### Material shown

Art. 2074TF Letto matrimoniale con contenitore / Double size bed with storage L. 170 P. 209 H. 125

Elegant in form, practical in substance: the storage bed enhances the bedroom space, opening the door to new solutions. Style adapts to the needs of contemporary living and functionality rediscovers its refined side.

==

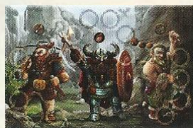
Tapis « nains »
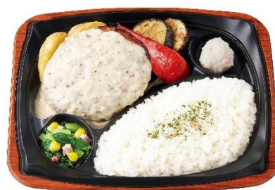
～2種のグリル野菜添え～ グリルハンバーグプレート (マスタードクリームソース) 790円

### Try it
Copy each line of the data that includes the word "storage".

### Written solution
Art. 2074TF Letto matrimoniale con contenitore / Double size bed with storage L. 170 P. 209 H. 125
Elegant in form, practical in substance: the storage bed enhances the bedroom space, opening the door to new solutions. Style adapts to the needs of contemporary living and functionality rediscovers its refined side.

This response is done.